Massive Protein Redesign to Make Overlapping Genes
Authors:
Sean P. Leonard1* ([email protected]), Guillaume Urtecho2, Jennifer Chlebek,1 Christina Kang- Yun,1 Jose-Manuel Marti,3 Jonathan Allen,3 Dante Ricci,1 Dan Park,1 Mimi Yung,1 Harris Wang,2 Yongqin Jiao1
Institutions:
1Biosciences and Biotechnology Division, Lawrence Livermore National Laboratory; 2Columbia University–New York; 3GS-CAD, Lawrence Livermore National Laboratory
Abstract
The future bioeconomy requires engineered microbes that behave predictably, robustly, and safely in natural environments. Most engineered microbes, however, fail to function outside of the laboratory and carry uncontrolled risks of genetic pollution into natural gene pools. The BioSecure Science Focus Area (SFA) at Lawrence Livermore National Lab is developing new approaches to enhance biocontainment of engineered bacteria.
Introducing overlapping genes into engineered bacteria can enhance stability and productivity, while reducing the risk of uncontrolled genetic spread. Overlapping genes share a single coding sequence of DNA and RNA but are translated in alternate reading frames. By designing overlapping genes, researchers align their evolutionary trajectories towards desirable traits. For example, overlapping an essential gene can prolong an engineered function and overlapping a toxic gene can reduce horizontal gene transfer. However, creating functional overlapping sequences requires extensive protein redesign and remains technically and computationally challenging.
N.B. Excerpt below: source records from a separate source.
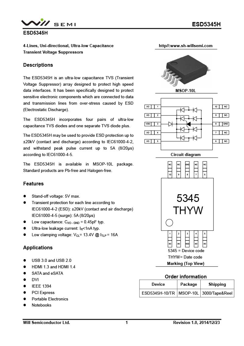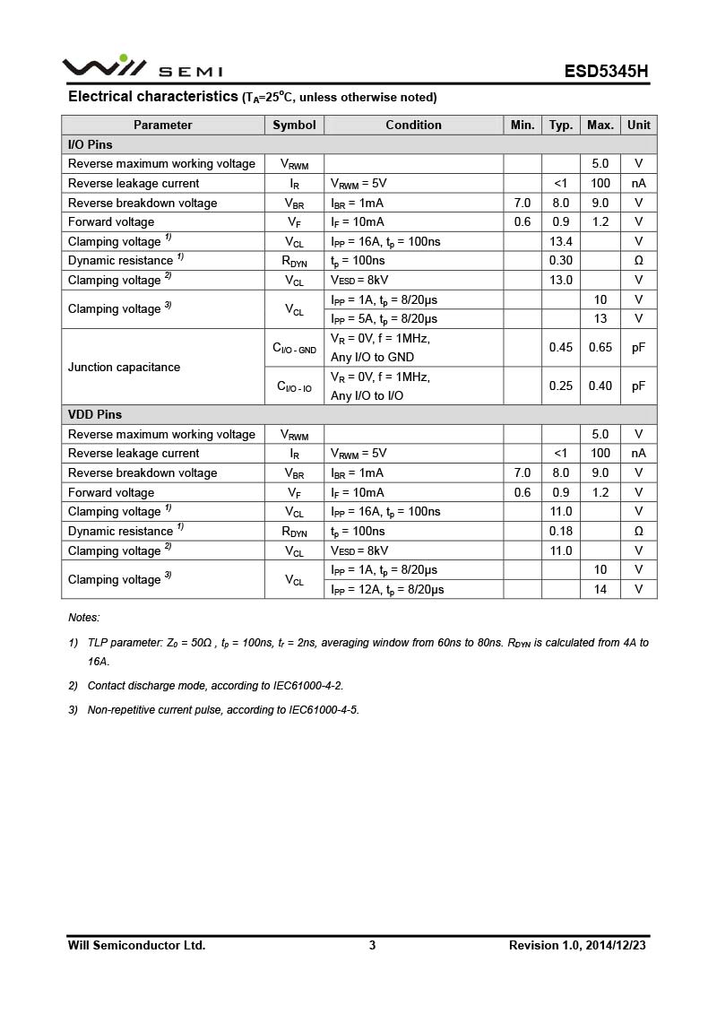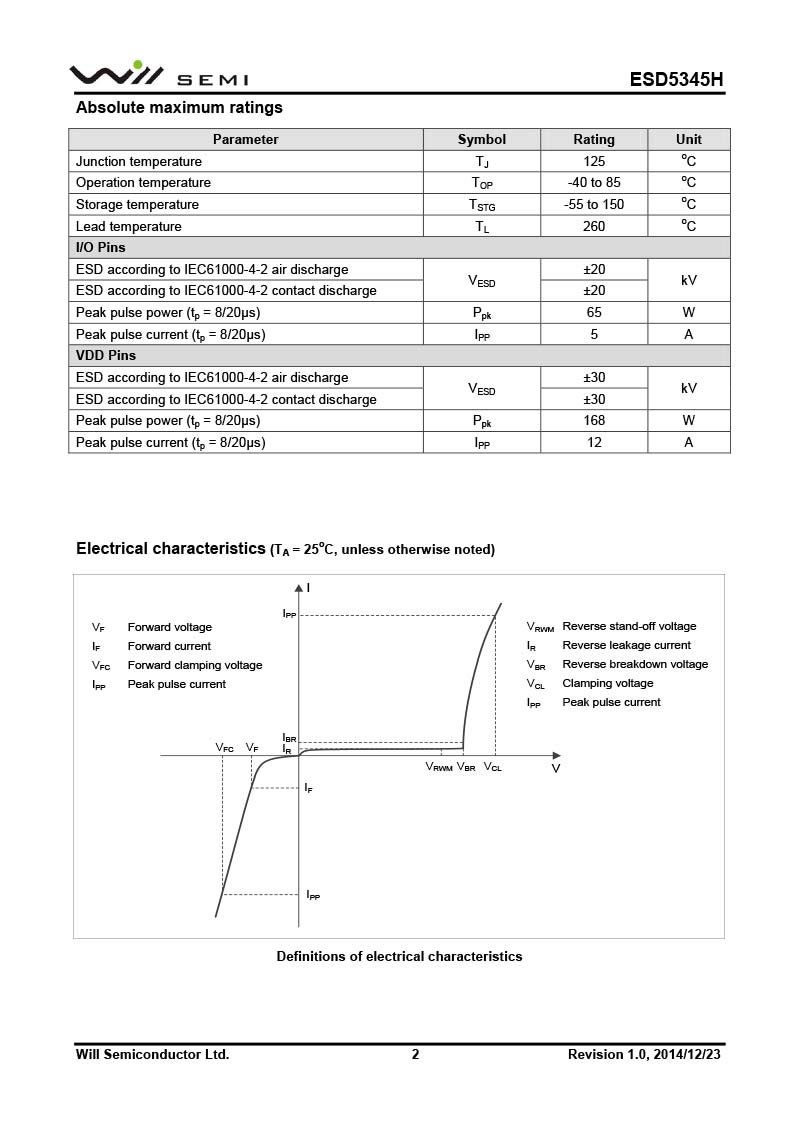 首頁 - 產(chǎn)品中心 - 代理產(chǎn)品 - 韋爾 / WILL -ESD5345H 韋爾小功率靜電TVS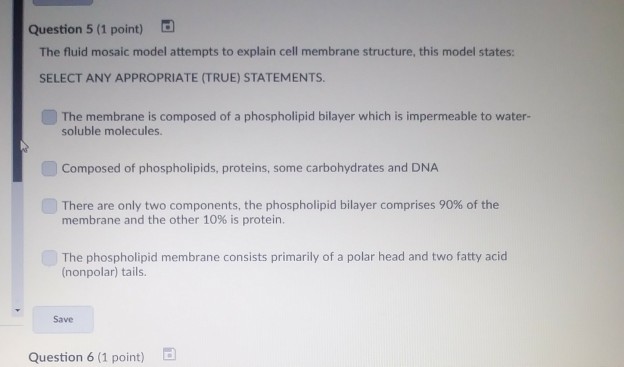 Solved Question 5 1 Point The Fluid Mosaic Model Attempts Chegg Com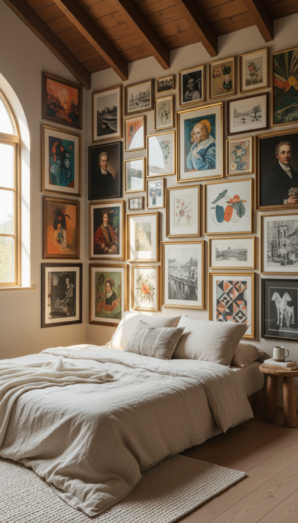 Treat your sleeping area as an exhibition space. In a small room, walls are prime real estate. A gallery wall adds intense visual interest and personality without taking up a single inch of floor space.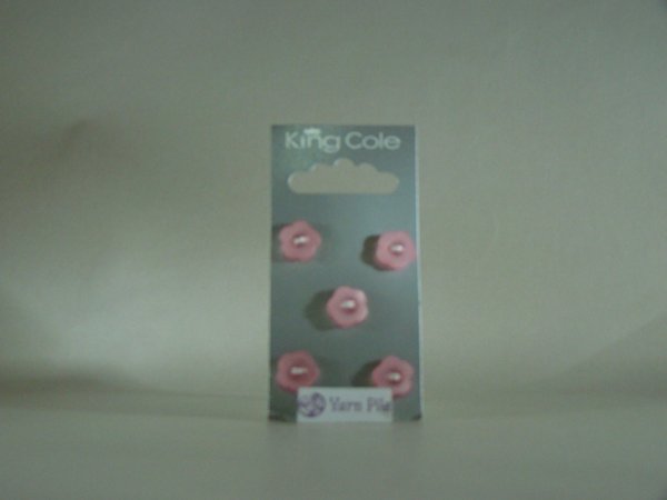 King Cole Buttons No 44 Card of 5 Pink opaque flower shaped buttons approx 12mm

The team performed a large-scale computational screen between 118 genes by generating over 7-million overlapping sequences in silico. Researchers compared these overlapping sequences and their predicted function (scores) between gene pairs to identify genes and gene pairs more amenable to overlap. Genes vary in their malleability, and the resulting scores are influenced by several factors including gene length, number of orthologs, and amino acid content. Several small genes, such as hicA, infA, and purE, appear amenable to overlap with multiple partner genes. Several larger genes, such as lacZ and aroB, also score well when overlapped with multiple smaller partners. These results suggest designed overlaps are feasible for many genes. However, these predictions are based on unproven computational models of protein function derived from evolutionary sequence data and must be experimentally validated.
To validate the protein models, researchers have begun experimentally testing redesigned protein variants for individual proteins identified in the screen. Given that most genes in the screen are conditionally essential in E. coli, the team tested protein function by complementing growth in auxotroph strains that lack these genes. The team has implemented a pipeline to test pooled variants at scale by sequencing and then use these fitness data to interpret model predictions.
In small-scale trials, researchers have identified functional genes that have undergone significant redesign but retain function. For example, purE variants exhibited wild-type function despite over 40% of residues being altered, while hisI variants maintained wild-type function with ~50% residues changed. In a recent trial, all tested hicA sequences (6/6) were functional, with each variant featuring 30% to 50% changed residues. Overall, researchers have experimentally validated that the protein models for multiple genes can create sequence-diverse yet functional variants, with successful validation observed in 10 out of the14 genes tested.
In the next phase, researchers will expand the experimental throughput by testing thousands of variants for select genes while also testing the function of overlapping sequences for both genes. These results demonstrate the feasibility of computational redesign of entire proteins in support of designed gene overlap. This ability to create novel overlapping genes will foster the next generation of dependable and secure engineered microbes.
Funding Information
This work is supported by the DOE, Office of Science, BER program, Lawrence Livermore National Laboratory (LLNL) BioSecure Science Focus Area within the Secure Biosystems Design program. Work at LLNL is performed under the auspices of the DOE at LLNL under contract no. DE-AC52-07NA27344.